In de ‘Nota risicomanagement en weerstandsvermogen’ is uitvoerig ingegaan op het wettelijk kader, de inventarisatie van de risico’s en de weerstandscapaciteit. De beleidsconclusies zijn hierboven weergegeven.

Top 10
Er is een selectie gemaakt van 10 in plaats van 15 risico's die extra aandacht verdienen. De impact van de risico's buiten de top 10 op de benodigde weerstandscapaciteit is beperkt. De risico's buiten de top 10 worden via de verzameling "Overige risico's" wel meegenomen in de berekening van de weerstandsratio.
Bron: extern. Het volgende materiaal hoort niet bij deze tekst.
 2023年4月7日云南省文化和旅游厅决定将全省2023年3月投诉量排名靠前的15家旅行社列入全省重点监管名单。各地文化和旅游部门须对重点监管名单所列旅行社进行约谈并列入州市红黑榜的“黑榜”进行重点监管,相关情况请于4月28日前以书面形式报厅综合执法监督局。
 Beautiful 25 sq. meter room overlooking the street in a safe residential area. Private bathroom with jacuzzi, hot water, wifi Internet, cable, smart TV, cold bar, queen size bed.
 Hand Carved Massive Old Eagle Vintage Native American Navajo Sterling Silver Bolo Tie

Top 10 inventarisatie van de risico's

Terug naar navigatie - Top 10 inventarisatie van de risico's

In veel gevallen kunnen we de exacte waarde van een risico niet bepalen. Om de risico's toch te kwantificeren werken we met klassengemiddelden. Deze klassengemiddelden leiden tot de financiële gevolgen in de onderstaande tabel. De risicowaarde bepalen we vervolgens aan de hand van de volgende berekening:

Risicowaarde (€) = Kans (%) x Gevolg (€)

Het totaal aan risicowaarden vormt de benodigde weerstandscapaciteit. Omdat niet alle risico’s zich tegelijk manifesteren rekenen we hierbij met een zekerheidspercentage van 90%.
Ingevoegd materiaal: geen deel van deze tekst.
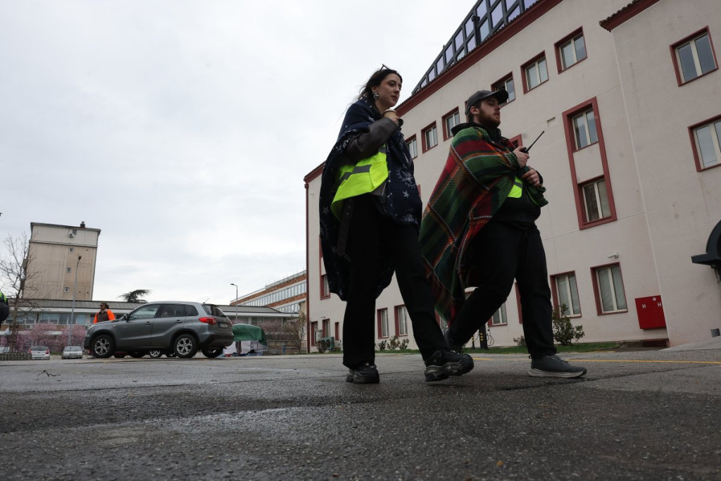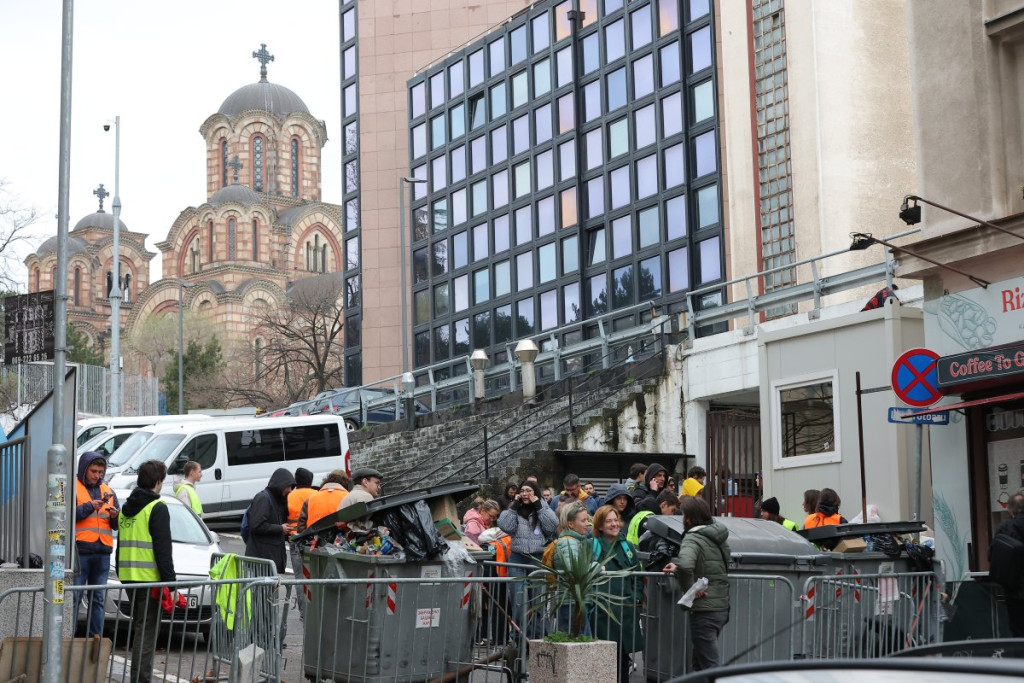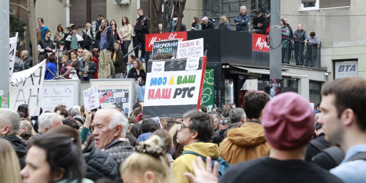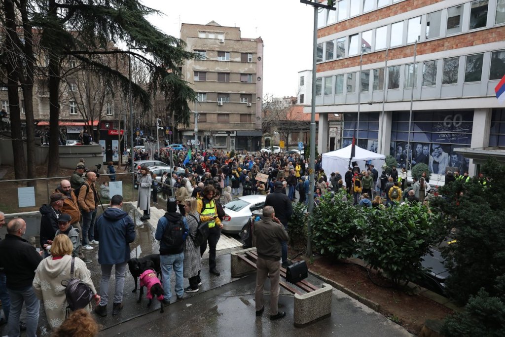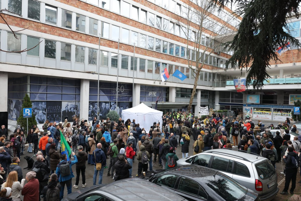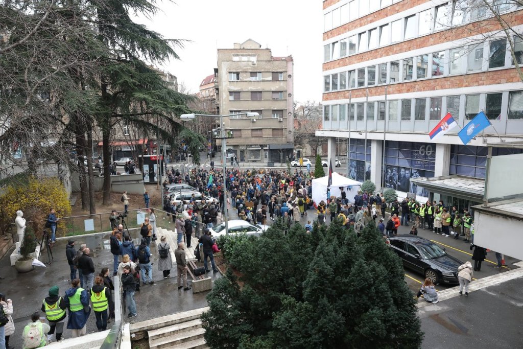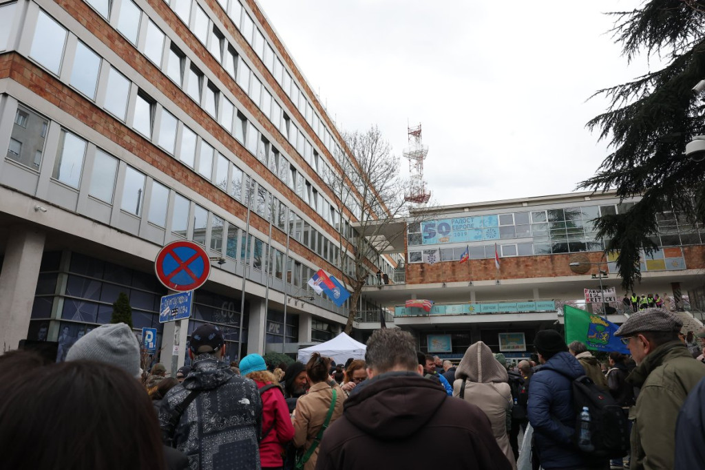 Inače, njih 50 pišti i duva u vuvuzele, nema ih više. Oni blokiraju sva tri ulaza u zgradu RTS.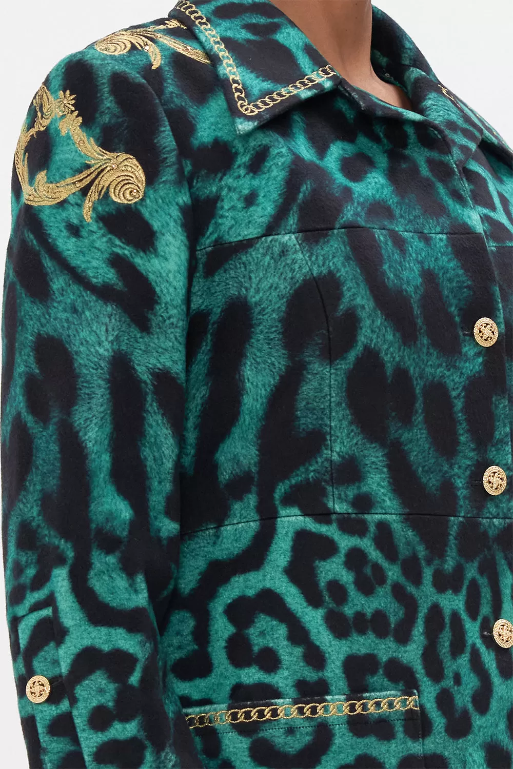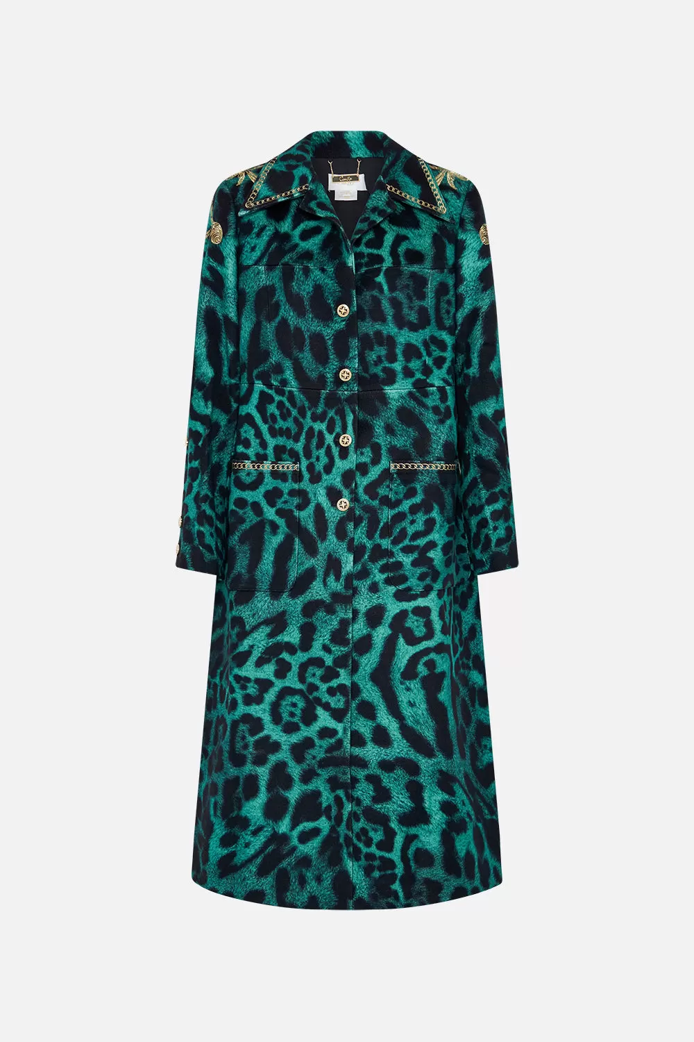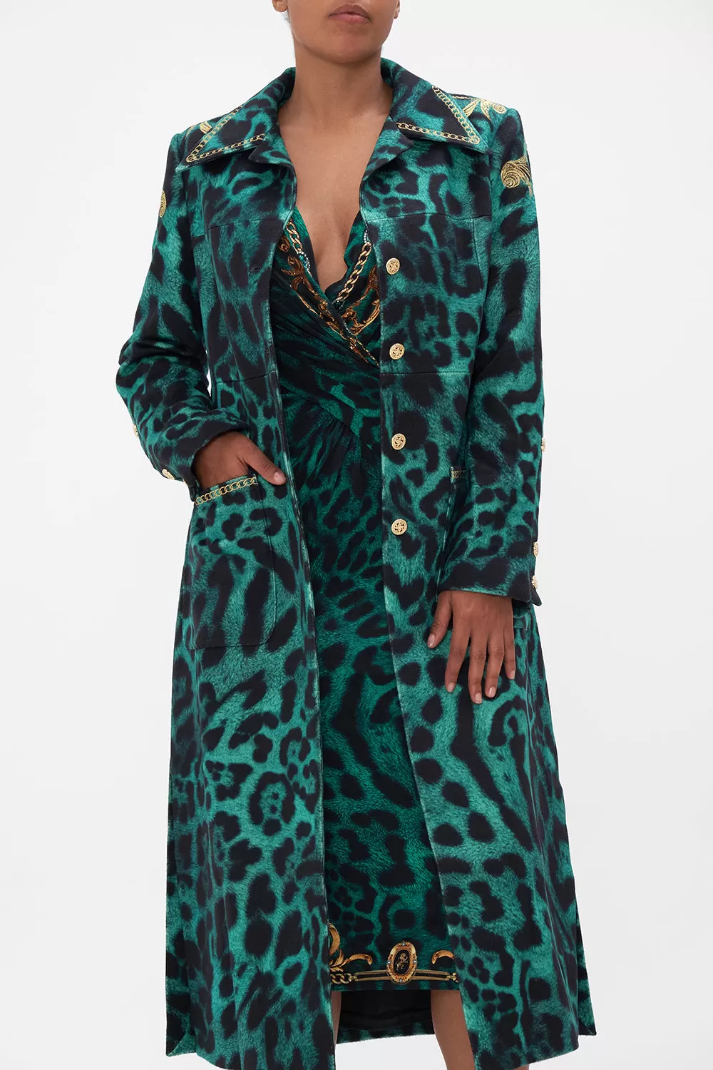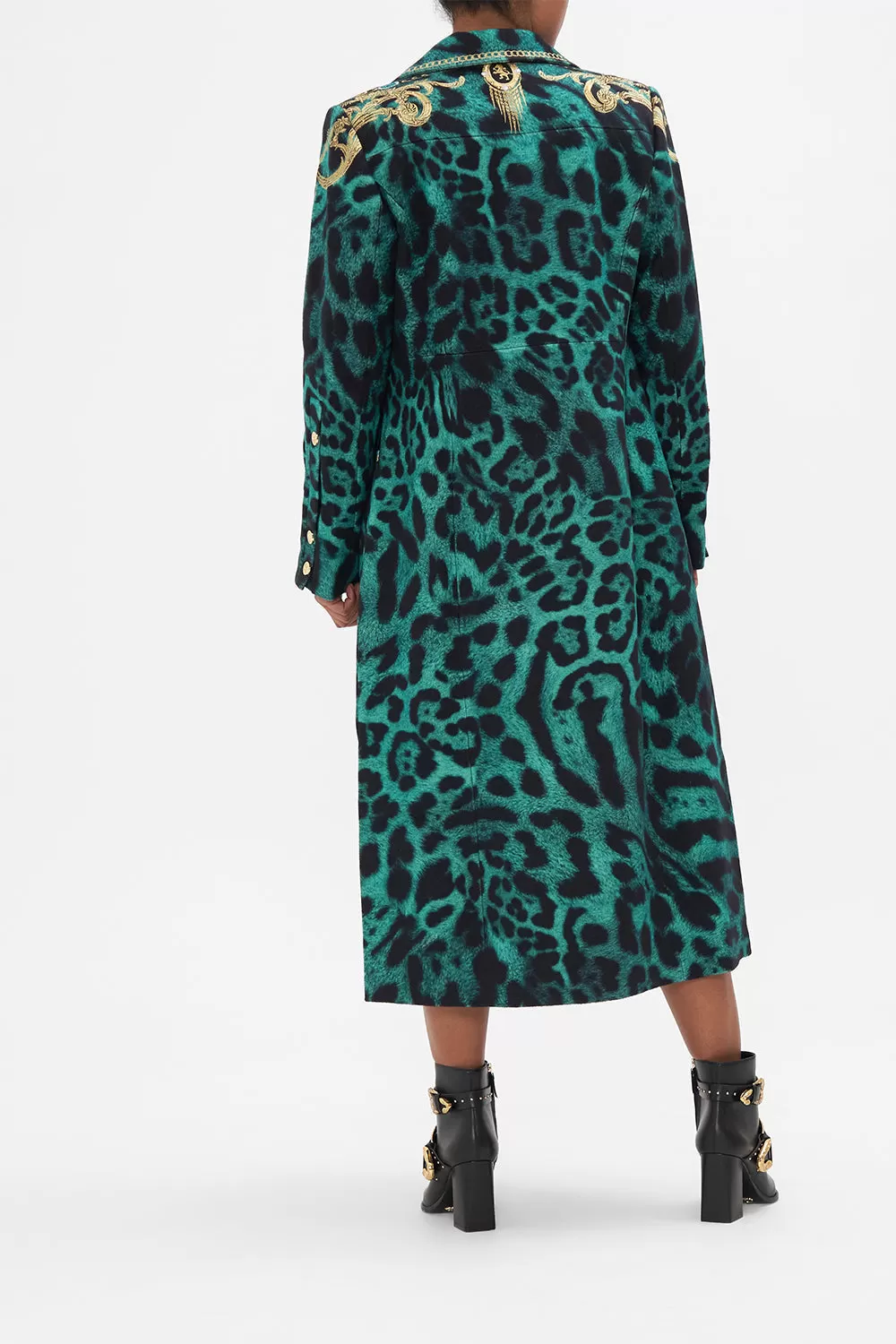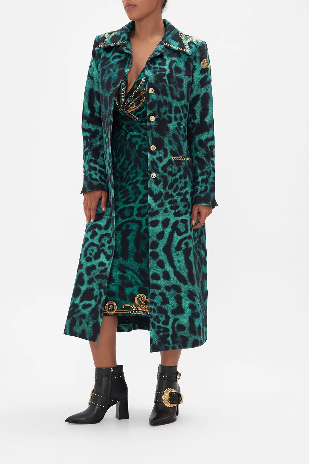 The Sing My Song Long Button Front Coat explores lush jungle green hues of sleek feline fauna guarding fine strands of sparkling amulets and winding vines of golden sprigs. This sleek tailored longline coat features a classic single breasted button enclosure, is fully lined, with functional outer patch pockets and sharp lapels to elevate and accentuate the structured silhouette. Lovingly handcrafted and designed in Australia, explore more from The Moral Of The Story: Act II collection.

Hoewel zorgvuldig is geprobeerd om alle risico’s in beeld te brengen, kan het voorkomen dat een risico niet is opgenomen. Zoals eerder genoemd is risicomanagement een dynamisch proces en voortschrijdend inzicht zorgt voor een steeds vollediger beeld.
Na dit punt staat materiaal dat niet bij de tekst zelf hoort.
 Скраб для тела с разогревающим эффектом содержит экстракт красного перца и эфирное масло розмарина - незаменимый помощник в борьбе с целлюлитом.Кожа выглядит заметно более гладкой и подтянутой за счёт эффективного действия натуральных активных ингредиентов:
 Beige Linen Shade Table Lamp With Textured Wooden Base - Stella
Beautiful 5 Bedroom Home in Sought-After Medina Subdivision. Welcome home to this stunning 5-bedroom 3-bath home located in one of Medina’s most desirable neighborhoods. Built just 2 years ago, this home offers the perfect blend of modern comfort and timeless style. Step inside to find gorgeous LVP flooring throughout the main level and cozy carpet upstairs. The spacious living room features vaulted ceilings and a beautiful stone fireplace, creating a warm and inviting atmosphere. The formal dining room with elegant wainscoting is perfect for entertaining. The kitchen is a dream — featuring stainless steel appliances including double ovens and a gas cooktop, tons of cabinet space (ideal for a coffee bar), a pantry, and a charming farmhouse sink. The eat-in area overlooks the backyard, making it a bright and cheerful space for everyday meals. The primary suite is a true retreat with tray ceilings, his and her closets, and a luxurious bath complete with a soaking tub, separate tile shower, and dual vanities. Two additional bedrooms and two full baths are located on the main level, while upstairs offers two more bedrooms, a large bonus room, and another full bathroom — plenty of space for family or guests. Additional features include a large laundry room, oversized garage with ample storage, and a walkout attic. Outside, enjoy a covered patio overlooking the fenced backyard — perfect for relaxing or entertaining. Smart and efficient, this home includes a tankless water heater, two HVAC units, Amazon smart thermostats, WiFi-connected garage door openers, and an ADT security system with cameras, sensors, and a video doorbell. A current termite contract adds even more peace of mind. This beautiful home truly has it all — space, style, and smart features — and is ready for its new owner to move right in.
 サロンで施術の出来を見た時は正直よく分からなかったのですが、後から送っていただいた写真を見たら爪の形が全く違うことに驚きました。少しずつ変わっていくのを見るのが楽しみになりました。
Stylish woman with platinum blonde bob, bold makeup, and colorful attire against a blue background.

Het is onmogelijk en onwenselijk om te sturen op alle geïdentificeerde risico’s. Door de risico’s te kwantificeren wordt de lijst geordend. Op deze manier ligt de focus op de risico’s die de grootste impact op de organisatie hebben. Zowel de kans dat een risico zich manifesteert als de impact die het risico met zich meebrengt moet worden bepaald.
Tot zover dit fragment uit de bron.